Adolf Hitler ist enttäuscht von der AFD

Luftaufnahmen von einer Großstadt, Häuserblocks, Berlin Alexanderplatz. Am 30.August 2015 wacht ein wenig desorientiert Adolf Hitler in schnieker Uniform mitten in Deutschlands Hauptstadt auf, argwöhnisch betrachtet von ein paar Berliner Jungs. So beginnt Timur Vermes Roman „Er ist wieder da“ in einer Bühnenfassung von Kathrin Sievers im Borchert-Theater an Münsters Hafenbecken.

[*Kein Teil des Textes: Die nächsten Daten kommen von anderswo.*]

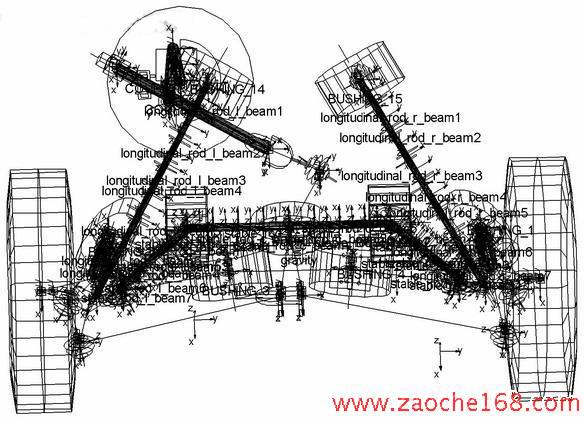 汽车前悬架采用麦克弗逊式独立悬架,转向系统采用齿轮齿条式转向器,如图5.1 所示根据实际悬架及转向系统结构,抽象出前悬架及转向系统分析模型,左、右悬架对称。整个前悬架及转向系统包括:摆臂(2 个)、转向节(2 个)、转向横拉杆(2 个),减振器上半部分(2 个),减振器下半部分(2 个),中央摇臂(1 个),斜拉杆(1 个),转向下轴(1 个)、转向上轴(1 个),转向盘(1 个)、转向齿条(1 个),车身(1 个),纵拉杆、横向稳定杆采用ADAMS 软件中的离散体( DISCRETE FLEXIBLE LINK)概念,将横向稳定杆及纵拉杆进行离散化,分成几小块,块(刚体)与块连接处用BEAM 梁来连接,BEAM梁的刚度、 阻尼矩阵由ADAMS 软件根据截面形状及材质自动计算得出,这里横向稳定杆分成三个物体,每个物体由8 小块组成,共24 块。纵拉杆由8 小块柔性体组成,共57 个物体组成。其中减振器上半部分通过球形铰链与车身相接,它相对车身可进行前后左右两个方向的转动。转向节通过圆柱铰与减振器上半部分相连,它相对减振器上半部分可进行轴向移动和转动。摆臂一端通过转动铰与车身相连,使其可相对车身上下摆动,另一端通过球形铰链与转向节相连。转向横拉杆一端通过球铰与转向节相连,另一端通过万向节铰链与中央摇臂相连,中央摇臂另一端通过球铰与斜拉杆相连,约束了其绕自身轴线的转动。中央摇臂中心轴通过转动铰与车体相连,斜拉杆与齿轮齿条通过万向节铰链相连,转向下轴通过转动铰链与车身相连,转向上轴与转向盘通过固定铰链相连,并与车身通过转动铰链相连,转向上下轴通过耦合来连接,转向齿条通过移动铰与车身相连,它可相对车身斜向移动,转向下轴与齿轮齿条通过耦合来连接。
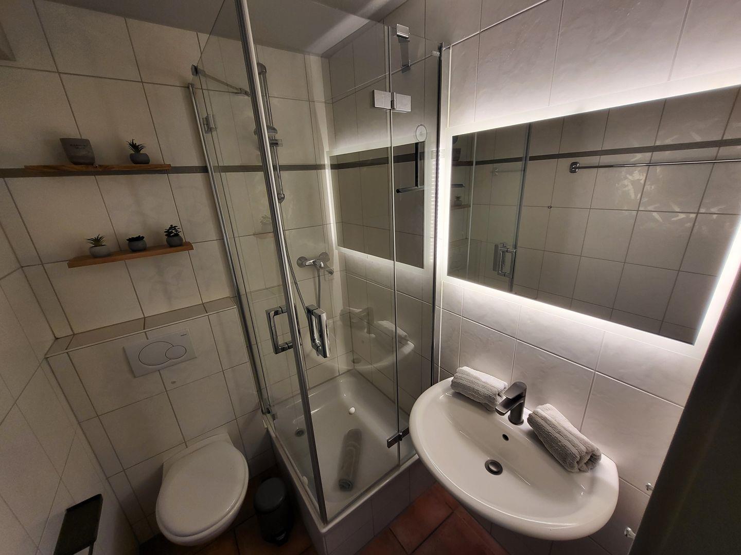 Ein Schlafzimmer mit 180x200cm Doppelbett sowie ein geräumiges Duschbad mit WC befinden sich ebenfalls im Erdgeschoss. Im großzügig gehaltenen Souterrain befindet sich das zweite Schlafzimmer der Ferienwohnung, dort steht ein 180x200cm Doppelbett sowie ein eigener Flachbild-TV bereit. Ein weiteres Duschbad befindet sich ebenfalls im Souterrain.
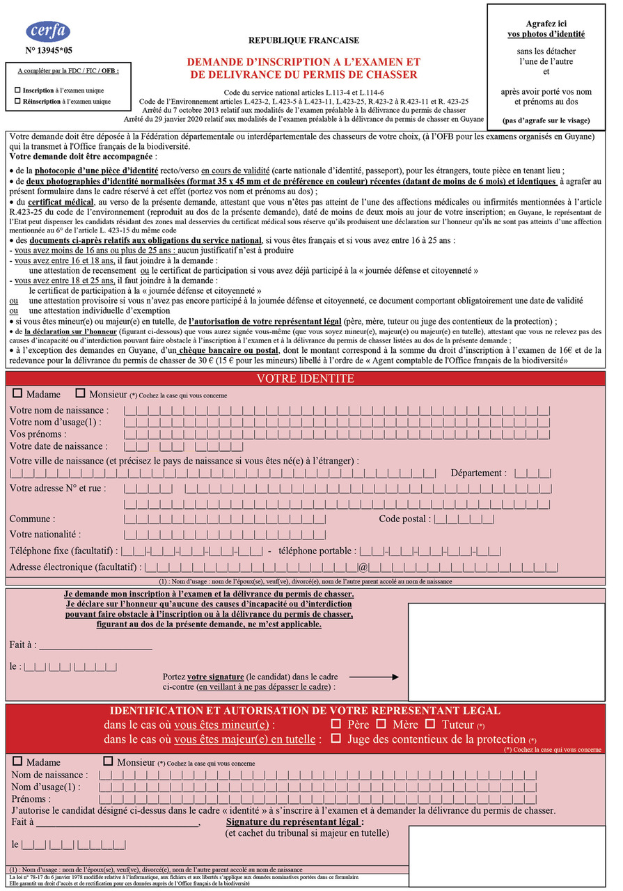 Le participant n’est pas autorisé à chasser s’il est sous tutelle, sauf autorisation du juge des contentieux de la protection. Il n’est pas non plus autorisé s’il est âgé de moins de 16 ans. L’inscrit ne doit pas être privé du droit de conserver ou d’obtenir un permis de chasser, ni être inscrit au Fichier national automatisé nominatif des personnes interdites d’acquisition et de détention d’armes (FiNIADA). Le processus de renouvellement est quant à lui annuel (
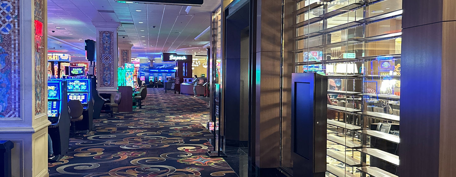 William B is a 7,000sf space with 13-foot ceilings that features a Bar and Lounge with wooden louvers and book-matched stone and mirror walls, a Main Dining Room with 20-foot long Murano glass chandelier, a floor to ceiling Glass Wine Case next to wood cladded columns with polished stainless steel trims separating the Main and Secondary Dining Rooms, a Private Dining Room perfect for meetings and special occasions, dedicated Restrooms, and remodeled Service Bar, Prep Area, & Kitchen.
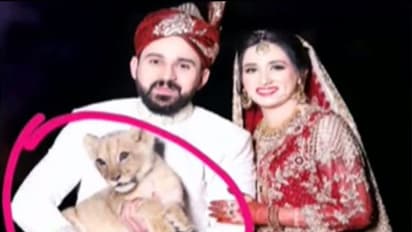 शादी में शेर के बच्चे के साथ दूल्हा-दुल्हन ने खिंचवाई तस्वीर, पड़ गया भारी मुसीबत में

Seit Januar 2016 läuft das Stück schon, und auch gestern war die Vorstellung fast ausverkauft. Das ist auch kaum verwunderlich. Seit dem Erstarken der AFD, insbesondere jetzt so kurz nach der Bundestagswahl, erfährt das Thema zusätzliche Brisanz. Hinzu kommt ein hervorragendes Ensemble um den unglaublich authentisch wirkenden Thomas Karl Hagen als Adolf Hitler. Man kann sich gut vorstellen, dass Hagen nach der Vorstellung ebenso Mühe hat, das rollende r abzulegen wie den völkischen Gestus.

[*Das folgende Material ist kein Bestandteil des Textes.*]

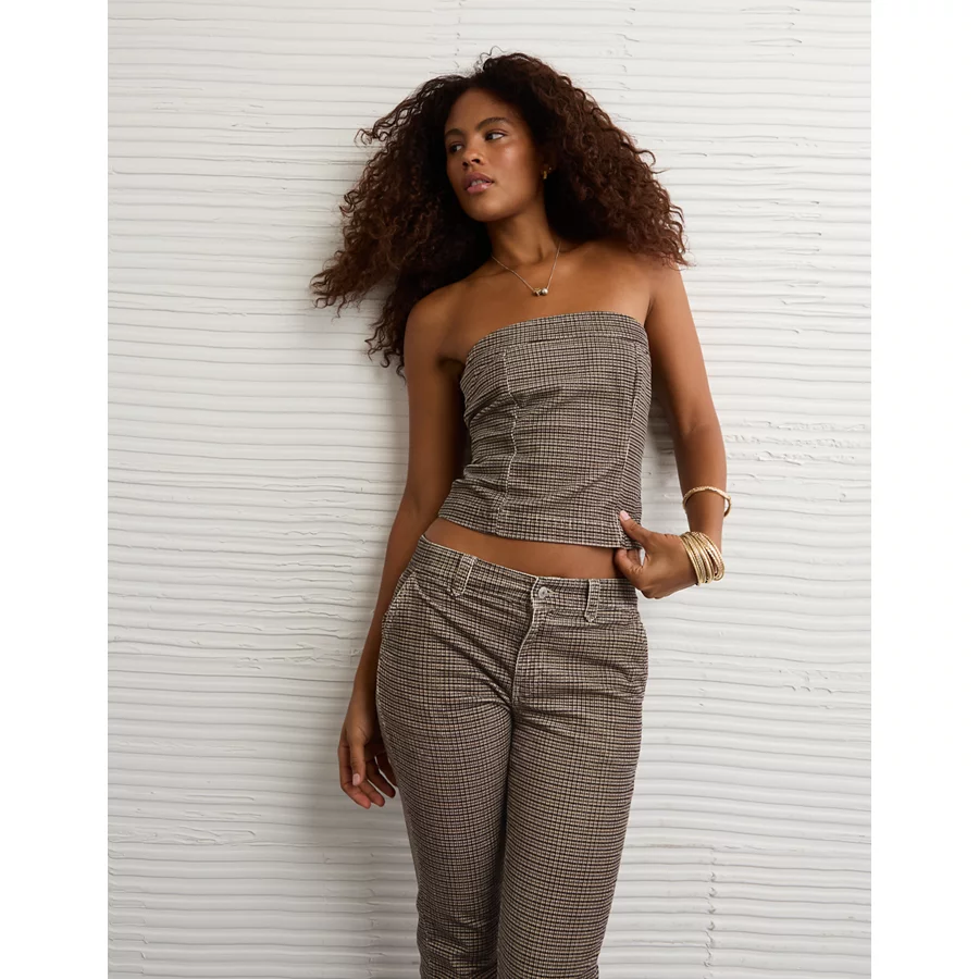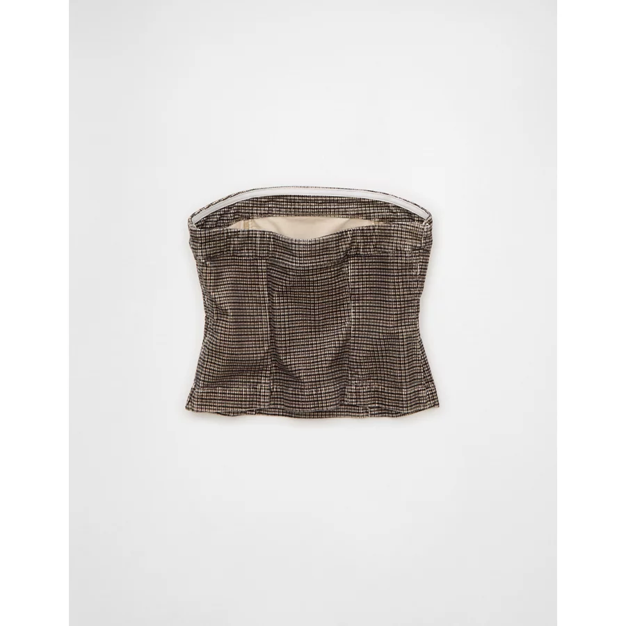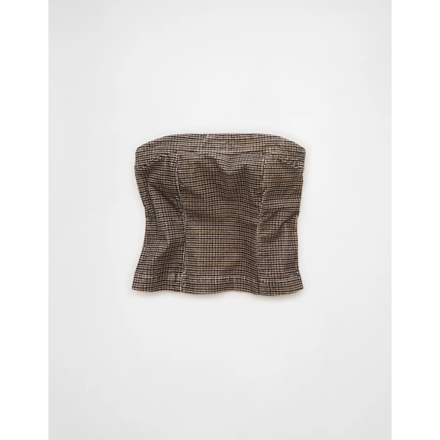 AE Plaid Corduroy Tube Top – Cream

Die Geschichte ist an und für sich schnell erzählt: Natürlich glaubt niemand im heutigen Berlin, dass es  sich bei dem Uniformträger tatsächlich um den echten Adolf Hitler handelt. Stattdessen gelangt er schnell in Fernsehstudios und wird als Comedy-Figur für ein Multi-Media-Publikum verkauft. Klicks auf YouTube-Kanälen bescheren Hitler später sogar den Grimme-Preis. Aber was manchmal schon komisch ist, gerät dann eben doch an seine Grenzen, wenn es um Judenmord geht. „Juden sind nicht komisch“, sagt Hitler dann auch, was er freilich anders meint als seine „Fans“. Und dann besucht Hitler auch noch Björn Höcke in seinem thüringischen Parteibüro. Wer da jetzt wen kopiert, darüber lässt sich streiten. Hitler ist jedenfalls ganz erbost, weil sich die AFD als Hühnerhaufen erweist, der das „hart wie Krupp-Stahl“ so überhaupt nicht erfüllt. Schließlich breitet Hitler noch eine Deutschlandfahne über eine Sessellehne wie es einst Höcke im Fernsehen vormachte. Nach einem Fernsehinterview mit Renate Künast (großartig und zum verwechseln ähnlich: Monika Hess-Zanger) bieten sämtliche Parteien Hitler eine politische Heimat an, als letztes die SPD. Das lässt Hitler kommentieren: „Bis die Sozialdemokraten eine gute Idee haben, vergehen zwei Epidemien.“

Nach der Premiere habe ich das Stück das zweite mal gesehen. Ich  habe mich nicht einen Moment gelangweilt.